Exercise description:
Drop the pictures and repeat exactly from the "INCLUDING: CRANES, SELF-DUMPING" line down to the last line of the entries below.

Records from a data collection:
******************************

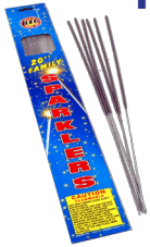
Sparklers & Sparkler Trees
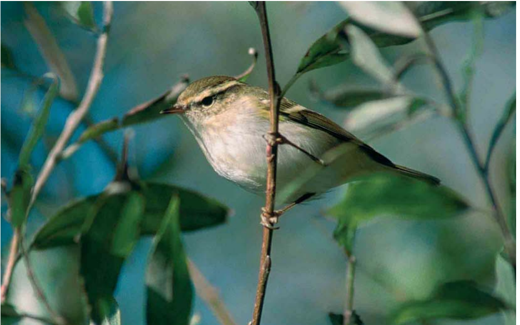
359 Bladkoning / Yellow-browed Warbler Phylloscopus inornatus , Texel, Noord-Holland, 8 oktober 2002
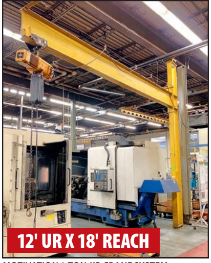
MOTIVATION 1-TON JIB CRANE SYSTEM

INCLUDING: CRANES, SELF-DUMPING HOPPERS, STEEL ROLLING CARTS, ROLLING TOOL CABINETS, ROLLING SHOP WORK BENCHES, TOOLING CADDY CARTS, FLAMMABLE LIQUIDS CABINET, BENCH CENTERS
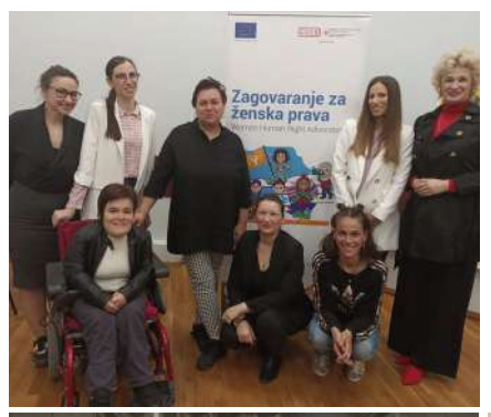
Zagovaranje za ženska prava Women Human Rights Advocates

******************************

Response to the exercise:
INCLUDING: CRANES, SELF-DUMPING HOPPERS, STEEL ROLLING CARTS, ROLLING TOOL CABINETS, ROLLING SHOP WORK BENCHES, TOOLING CADDY CARTS, FLAMMABLE LIQUIDS CABINET, BENCH CENTERS
Zagovaranje za ženska prava Women Human Rights Advocates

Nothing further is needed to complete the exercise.